Formamo-nos, todos, aos poucos e de empréstimo. Transplantamos homens
e cultura e vivemos o mesmo drama da liberdade selvagem, do homem
liberal por contingência e formação e de um democratismo sui-generis:
o obedece-me que serás benquisto e digno. Democratismo, aliás, que
resultou do encontro de duas atitudes antagônicas: o autoritarismo
individual do europeu dominante e os padrões propriamente democráticos
de conduta, impostos pela realidade, pois aquí até a tolerância
foi, historicamente, uma contingência. Nisso a América superou o
homem...
Atualmente,
mais que no passado, somos os homens que lutam por duas soluções:
a étnica e a económica. Começamos um processo e não percebemos seu
fim e dele conhecemos apenas certas fases já realizadas. Como se
definirá cada tipo étnico americano e quando? Como serão resolvidas
as questões sociais implicadas pela nossa formação? Qual o sentido
que tomarão as relações entre brancos e não brancos em cada país
americano e como influirão na tendência de maior aproximação americana?

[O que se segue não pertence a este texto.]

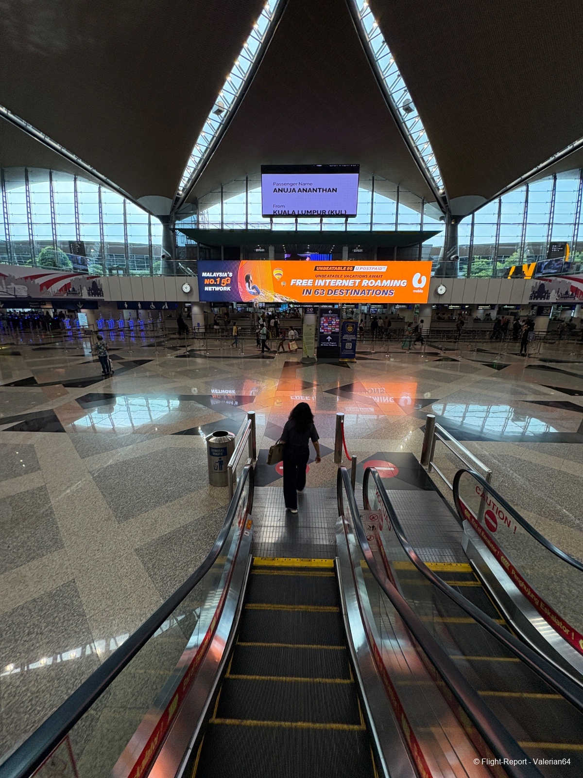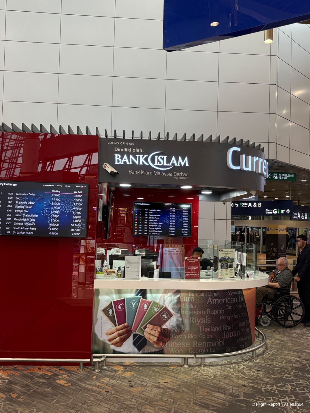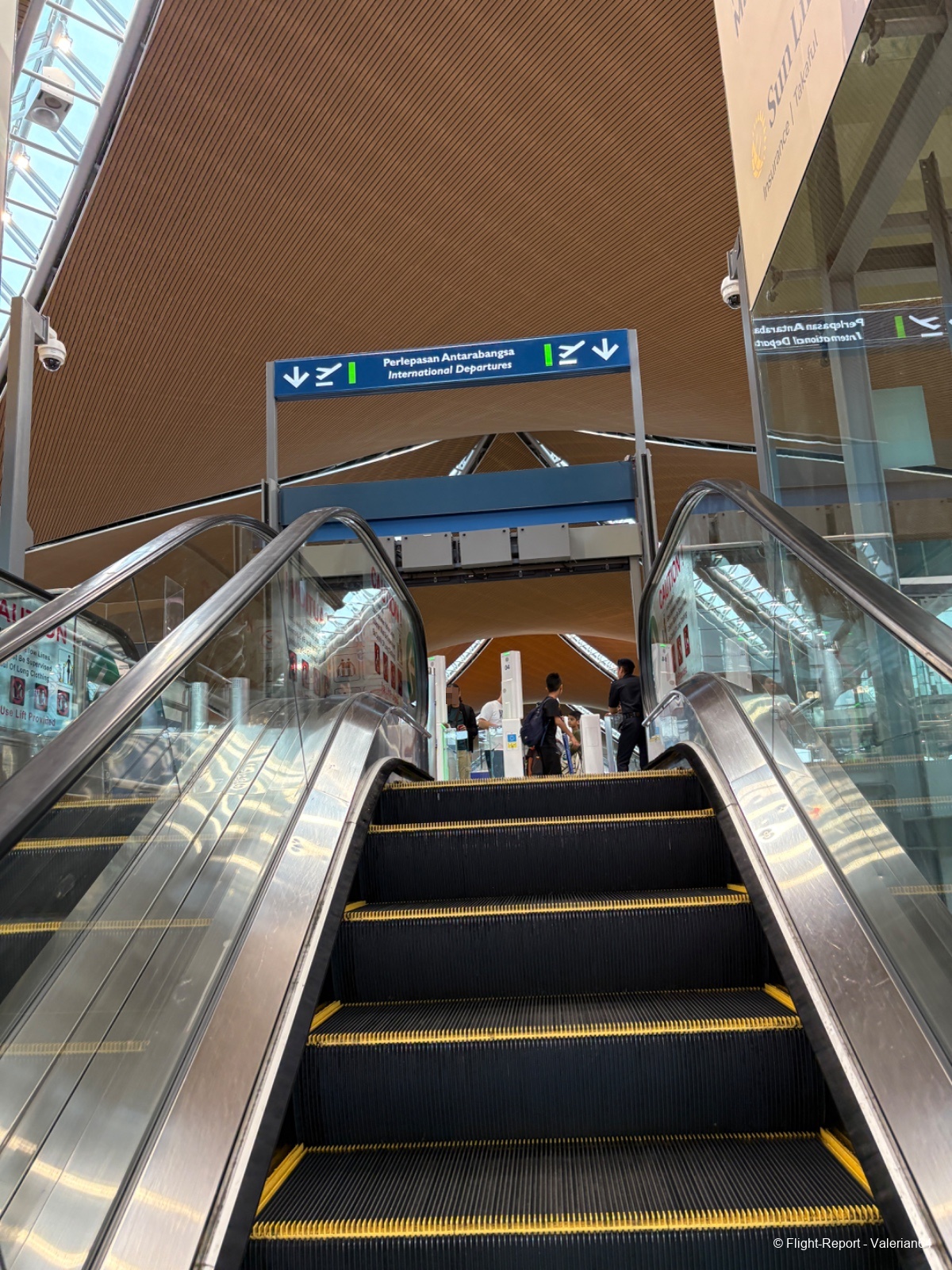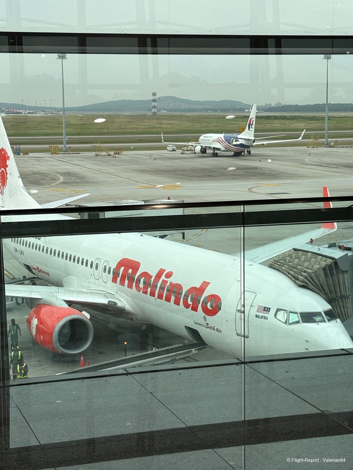 La dépose des bagages fut immédiate, le passage à la PAF tout aussi fluide. Puis passage par un scan bagages. À 10h, j’étais airside. L’attente se fait dans un long et moderne couloir, avec quelques boutiques duty-free habituelles et des décors malais. De larges baies permettent de spotter, mais la multiplication des vitres rendait difficiles les prises de vues.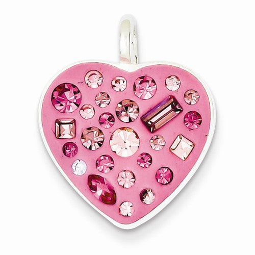 Sterling Silver Rhodium Plated Stellux Crystal Pink Heart Pendant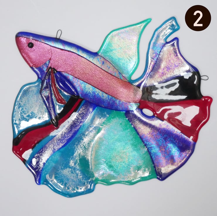 This fused glass siamese fighting fish is made from blue, red and purple glass. With a shimmering metallic sheen the piece works equally well against a wall or as an indoor / outdoor sun catcher.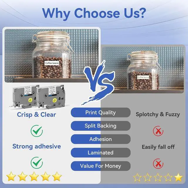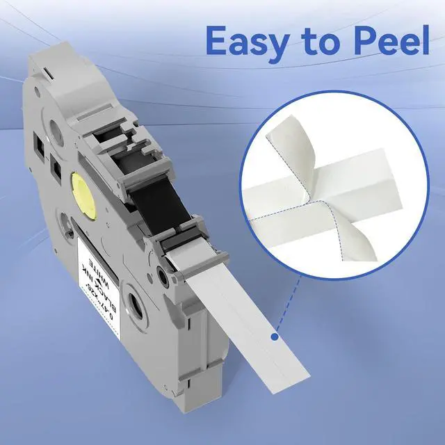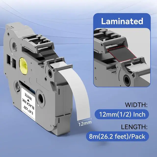 [Strong Adhesion & Reusability]Replacement for Brother TZe/TZ 12mm (0.47") Laminated White Tape, Compatible with P-Touch Label Tape. Split-Back Design Enables Easy Peel & Stick on Various Surfaces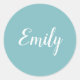 Elegant Light Turquoise Blue Script Cursive Name Classic Round Sticker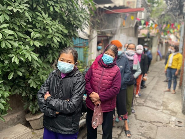 Người dân xóm chạy thận xếp hàng nhận sữa dinh dưỡng được hỗ trợ bởi công ty Nutricare trong đợt trao sữa cuối cùng năm 2021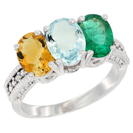 14K White Gold Natural Citrine, Aquamarine & Emerald Ring 3-Stone 7x5 mm Oval Diamond Accent, sizes 5 - 10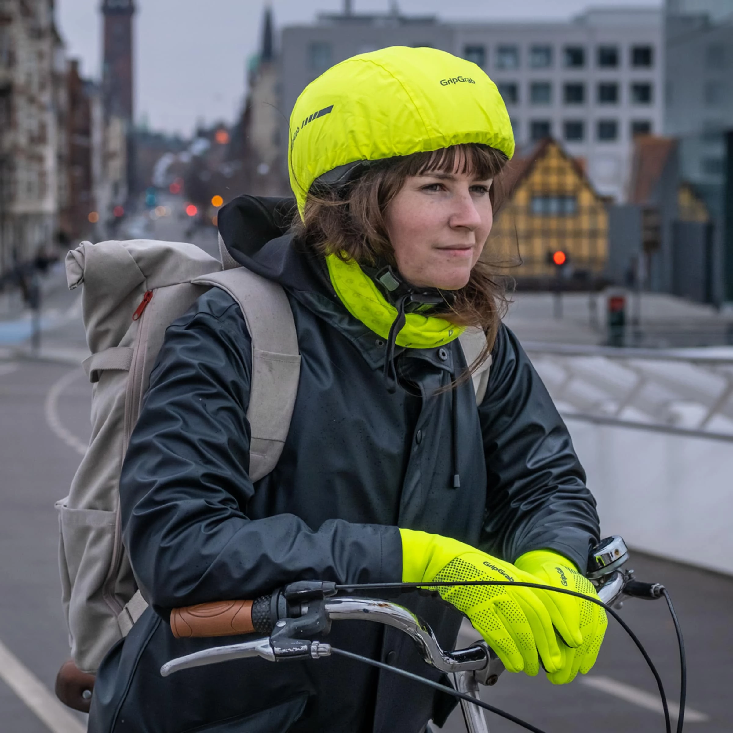 Le couvre-casque HI-VIS de GripGrab est fabriqué en matière étanche pour protéger tout le casque. Il empêche que le vent, la pluie ou la neige passent par dessous pour pour augmenter le confort à vélo quand il fait froid et humide. Une cordelette élastique sécurise le port sur les tout différents casques.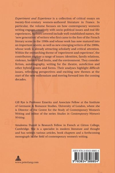 Experiment and Experience is a collection of critical essays on twenty-first-century women-authored literature in France. In particular, the volume focuses on how contemporary women's writing engages creatively with socio-political issues and real-life experiences. Authors covered include well-established names, the 'new generation' of writers who first came to the fore of the French literary scene in the 1990s and whose work has now matured into an important oeuvre, as well as new emerging writers of the 2000s, whose work is already attracting scholarly and critical attention. Within the overarching theme of 'experiment and experience', the contributors explore a range of issues: identities, family relations, violence, borders and limits, and the environment. They consider fiction, autobiography, writing for the theatre, autofiction and other hybrid genres and forms. Their analyses highlight difficult issues, refreshing perspectives and exciting new themes at the start of the new millennium and moving forward into the coming decades.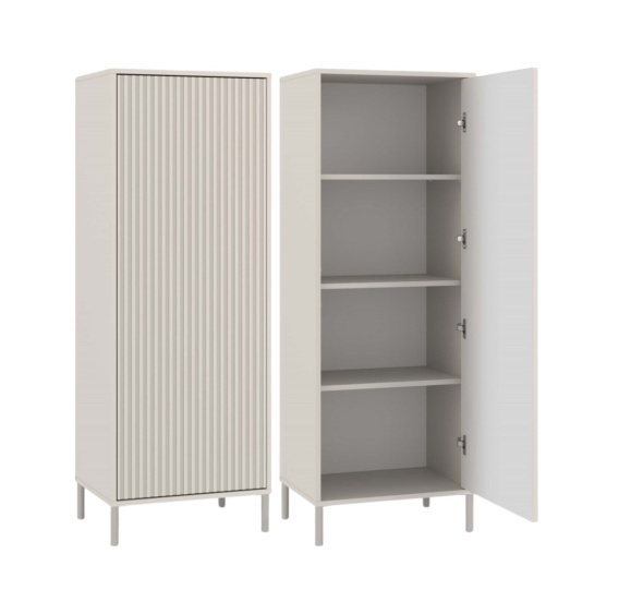 Witryna KOM-936-KASZ-LAM to doskonały wybór do salonu, pokoju gościnnego czy gabinetu. Ryflowany front i system TIP-ON nadają jej nowoczesny charakter, a kompaktowe wymiary ułatwiają dopasowanie do mniejszych przestrzeni. Idealna na książki, dekoracje lub zastawę stołową — doda wnętrzu stylu i porządku.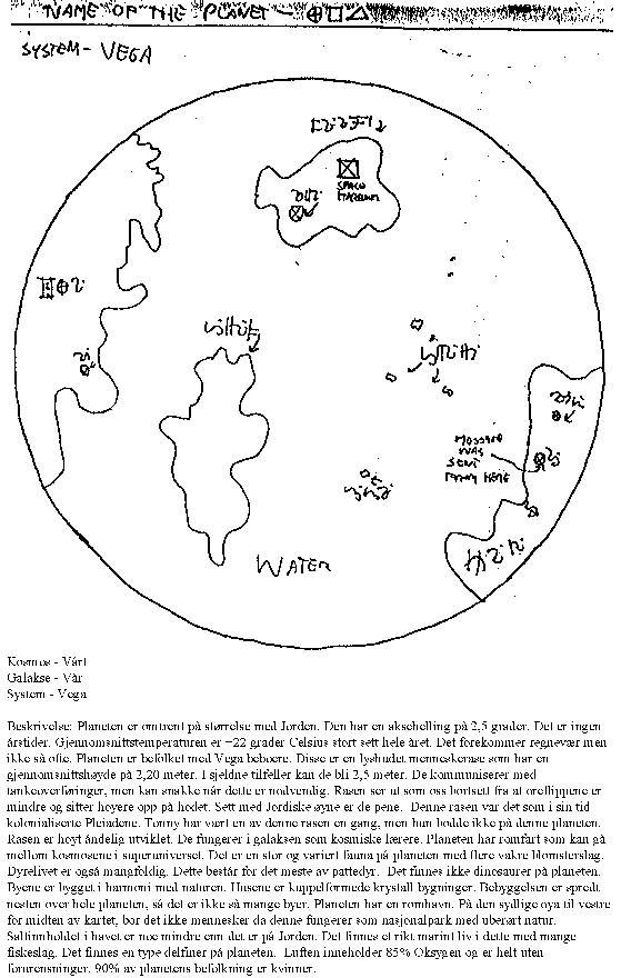Beskrivelse: Planeten er omtrent på størrelse med Jorden.Den har en aksehelling på 2,5 grader.Det er ingen årstider.Gjennomsnittstemperaturen er +22 grader Celsius stort sett hele året.Det forekommer regnevær men ikke så ofte.Planeten er befolket med Vega beboere.Disse er en lyshudet menneskerase som har en gjennomsnittshøyde på 2,20 meter.I sjeldne tilfeller kan de bli 2,5 meter.De kommuniserer med tankeoverføringer,men kan snakke når dette er nødvendig.Rasen ser ut som oss bortsett fra at øreflippene er mindre og sitter høyere opp på hodet.Sett med Jordiske øyne er de pene. Denne rasen var det som i sin tid kolonialiserte Pleiadene.(Navn 5) har vært en av denne rasen en gang,men hun bodde ikke på denne planeten. Rasen er høyt åndelig utviklet.De fungerer i galaksen som kosmiske lærere. Planeten har romfart som kan gå mellom kosmosene i superuniverset. Det er en stor og variert fauna på planeten med flere vakre blomsterslag. Dyrelivet er også mangfoldig.Dette består for det meste av pattedyr. Det finnes ikke dinosuruser på planeten.Byene er bygget i harmoni med naturen.Husene er kuppelformede krystall bygninger.Bebyggelsen er spredt nesten over hele planeten,så det er ikke så mange byer.Planeten har en romhavn.På den sydlige øya til vestre for midten av kartet,bor det ikke mennesker da denne fungerer som nationalpark med uberørt natur.Saltinnholdet i havet er noe mindre enn det er på Jorden.Det finnes et rikt marint liv i dette med mange fiskeslag.Det finnes en type delfiner på planeten. Luften inneholder 85% Oksygen og er helt uten forurensinger. 90% av planetens befolkning er kvinner.

E qual vai ser a afirmação económica de cada pais americano? Seguirão
a linha imposta pelos recursos naturais ou procurarão futuramente
criar um organismo económico autárquico, mesmo que artificial? Seguirão
a divisão natural dos mercados, compreendendo a complementaridade
dos mesmos, ou criarão economias nacionais em conflito, como já
o fizeram os europeus? Como influirá a situação económica de cada
pais nas relações das Américas como América no futuro? Quais os
aspectos que tomarão as relações sociais nessas sociedades? Porque
estamos em processo tudo são perguntas, e valem tanto aqui como
acolá. Somos, quasi, a mesma gente. Pelo menos vivemos as mesmas
situações e temos que resolver problemas fundamentalmente semelhantes.
Somos
os mesmos homens sem "finesse", os homens de mãos calejadas que
constroem o mundo brilhante e enfatuado de amanhã. O mundo americano
realizado e das idéias voltadas sobre si mesmas. Porisso somos os
homens da tragédia e sentimos palpitar a selva que estua violentamente
neste mundo híbrido e em realização. Nós o sentimos porque o estamos
criando, e o sentimos não como criadores, mas ingenuamente, sem
malicia e profundeza porque ele nos parece grande demais para ser
criado por alguem -mesmo milhões de pessoas em dezenas de gerações.
Porisso
falamos em mais América. Este mais América significa um maior conhecimento
recíproco de formas e não de conteudos, como poderia ressaltar do
que já dissemos no artigo. Contudo não deixa de ser necessário e
fecundo, emprestando um carater muito simpático a esse bandeirismo
inter-continental e verdadeiramente americanista das novas gerações.